From the entries below, write out exactly the lines between the line holding "Vormittags die Zeichnung" and the line holding "And Solomon made", inclusive, excluding any pictures.
[Record set]
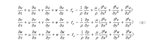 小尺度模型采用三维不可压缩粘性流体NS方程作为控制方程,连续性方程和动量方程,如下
[/Record set]
[Record set]
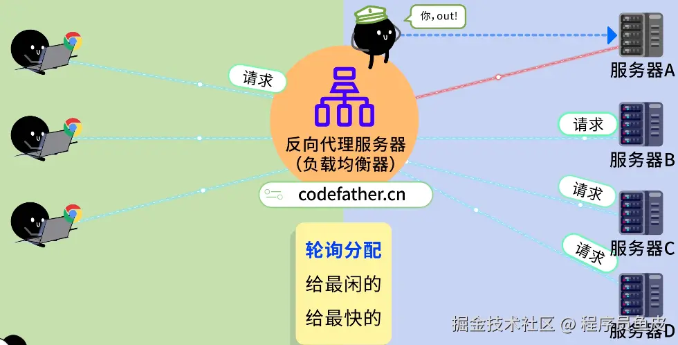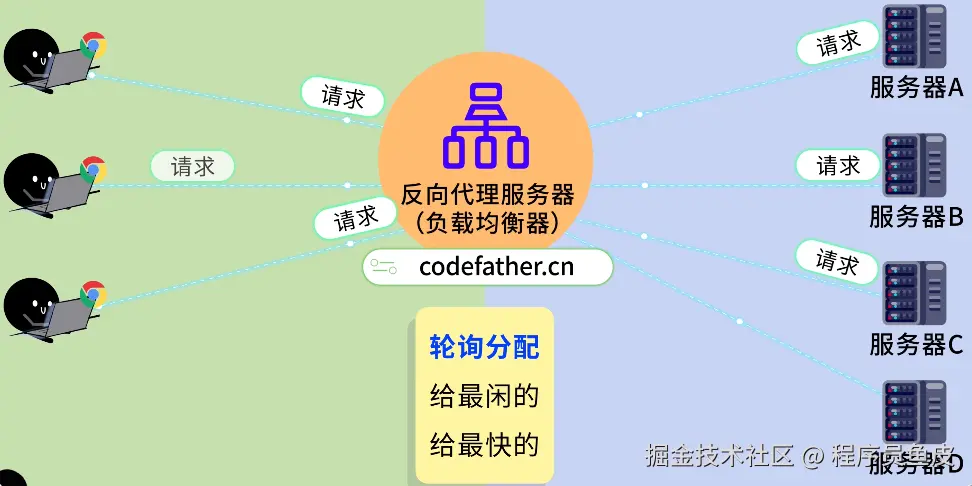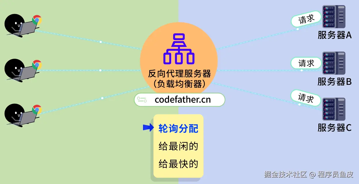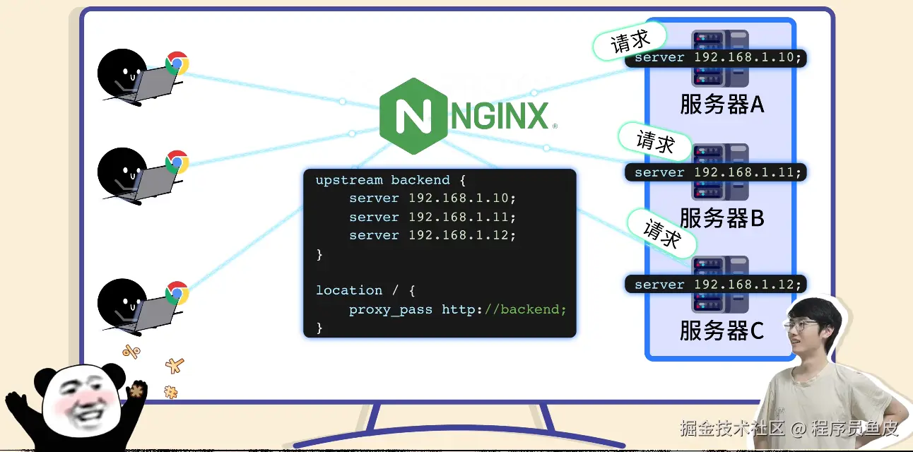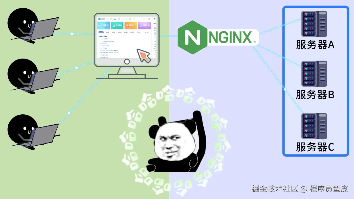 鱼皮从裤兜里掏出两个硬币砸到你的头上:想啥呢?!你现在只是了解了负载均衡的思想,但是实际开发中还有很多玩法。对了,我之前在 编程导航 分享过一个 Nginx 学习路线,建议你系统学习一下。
[/Record set]
[Record set]
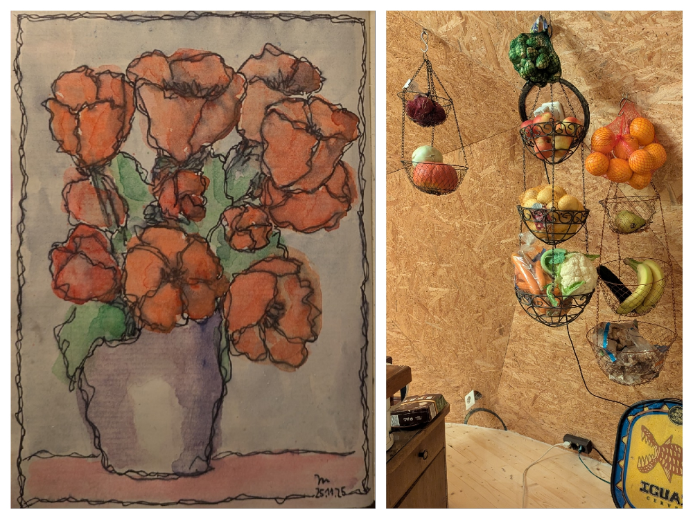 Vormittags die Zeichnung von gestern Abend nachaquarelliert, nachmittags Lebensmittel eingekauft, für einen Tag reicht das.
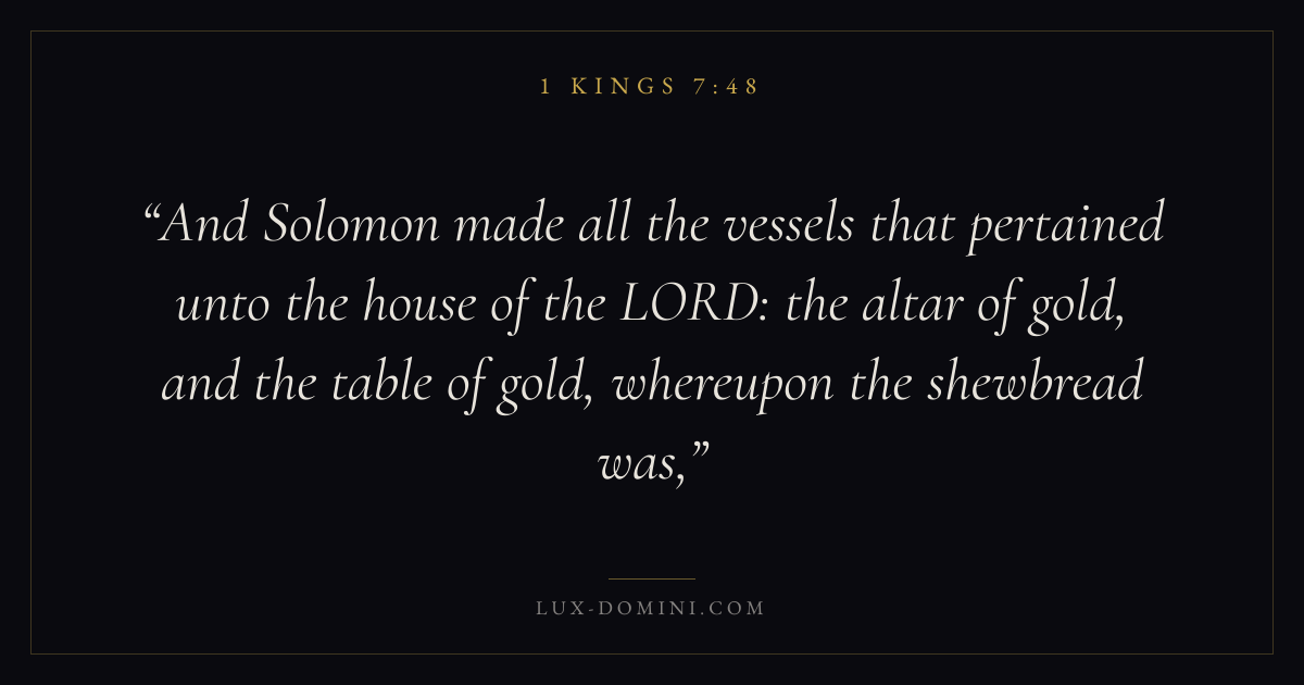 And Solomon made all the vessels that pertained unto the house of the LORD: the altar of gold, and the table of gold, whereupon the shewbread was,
[/Record set]
* Answer space:
 Vormittags die Zeichnung von gestern Abend nachaquarelliert, nachmittags Lebensmittel eingekauft, für einen Tag reicht das.
 And Solomon made all the vessels that pertained unto the house of the LORD: the altar of gold, and the table of gold, whereupon the shewbread was,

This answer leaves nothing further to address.